> **What you have to do**: Reproduce the data below word for word, setting aside any picture it holds.

> **Dataset excerpt**:

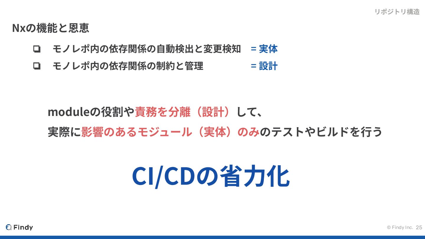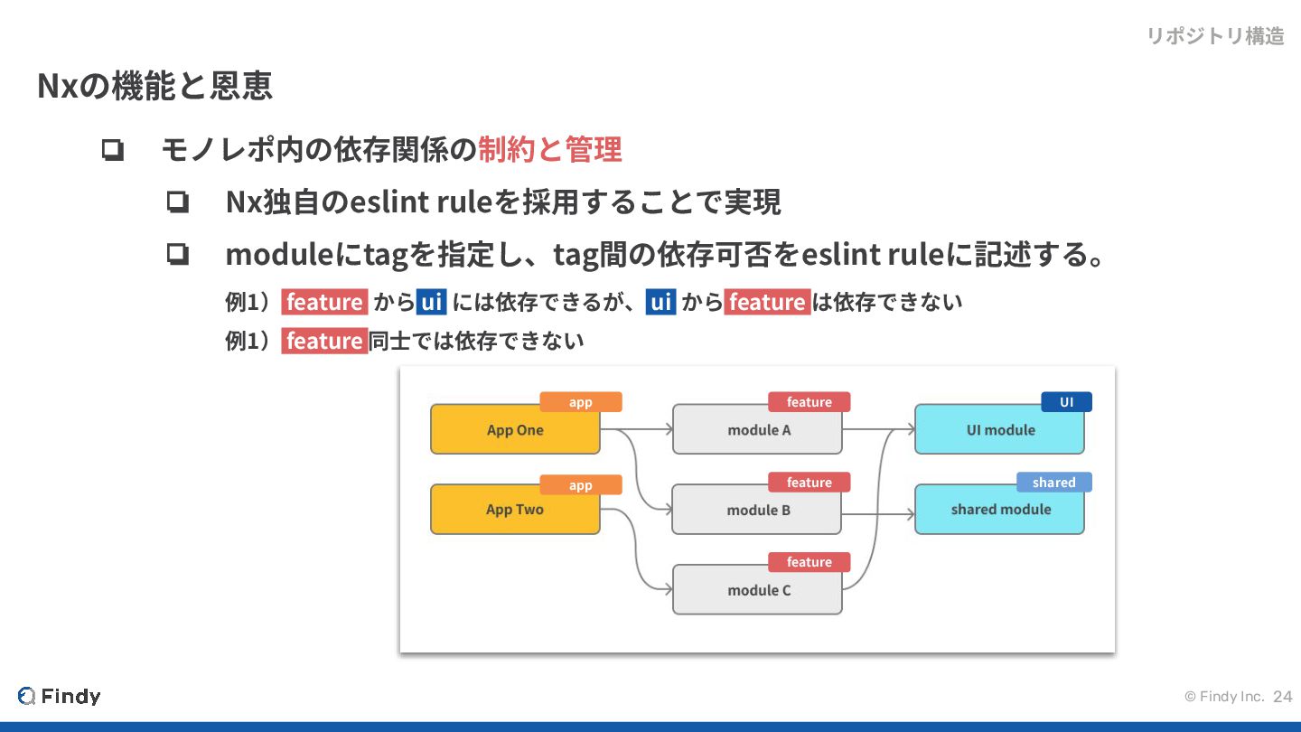 © Findy Inc. 24 Nxの機能と恩恵 リポジトリ構造 ❏ モノレポ内の依存関係の制約と管理 ❏ Nx独⾃のeslint
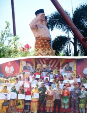 RIAUMADANI. COM, BENGKALIS - Wakil Bupati Dr.H Bagus Santoso memimpin Upacara Peringatan Hari Pendidikan Nasional (Hardiknas) di Lapangan Tugu Bengkalis. Kamis, 2 Mei.
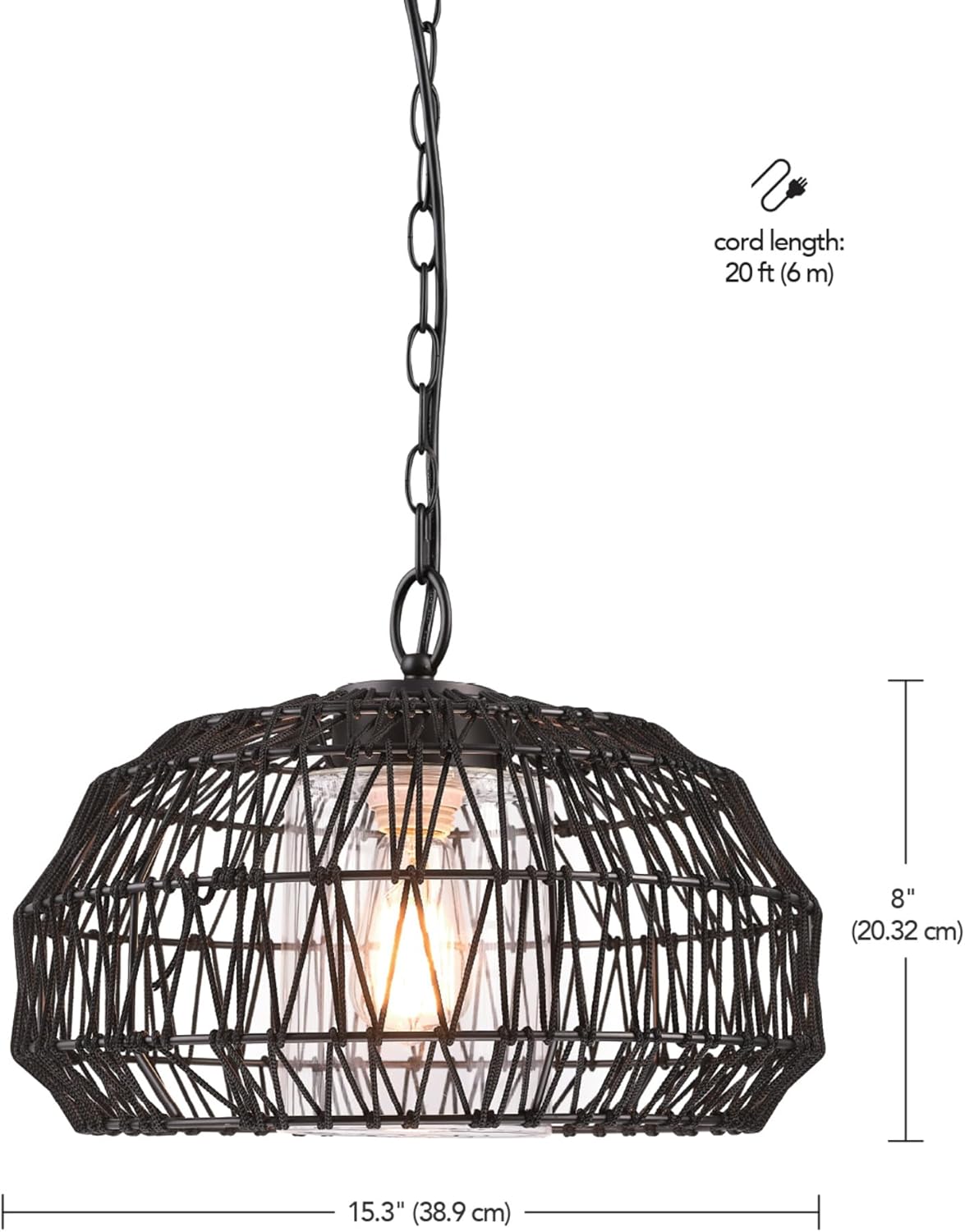 PLUG-IN FLEXIBILITY: 9-foot hanging chain paired with a 20-foot designer cord offers adjustable length and easy installation without hardwiring.

> **Solution**:
 © Findy Inc. 24 Nxの機能と恩恵 リポジトリ構造 ❏ モノレポ内の依存関係の制約と管理 ❏ Nx独⾃のeslint
 RIAUMADANI. COM, BENGKALIS - Wakil Bupati Dr.H Bagus Santoso memimpin Upacara Peringatan Hari Pendidikan Nasional (Hardiknas) di Lapangan Tugu Bengkalis. Kamis, 2 Mei.
 PLUG-IN FLEXIBILITY: 9-foot hanging chain paired with a 20-foot designer cord offers adjustable length and easy installation without hardwiring.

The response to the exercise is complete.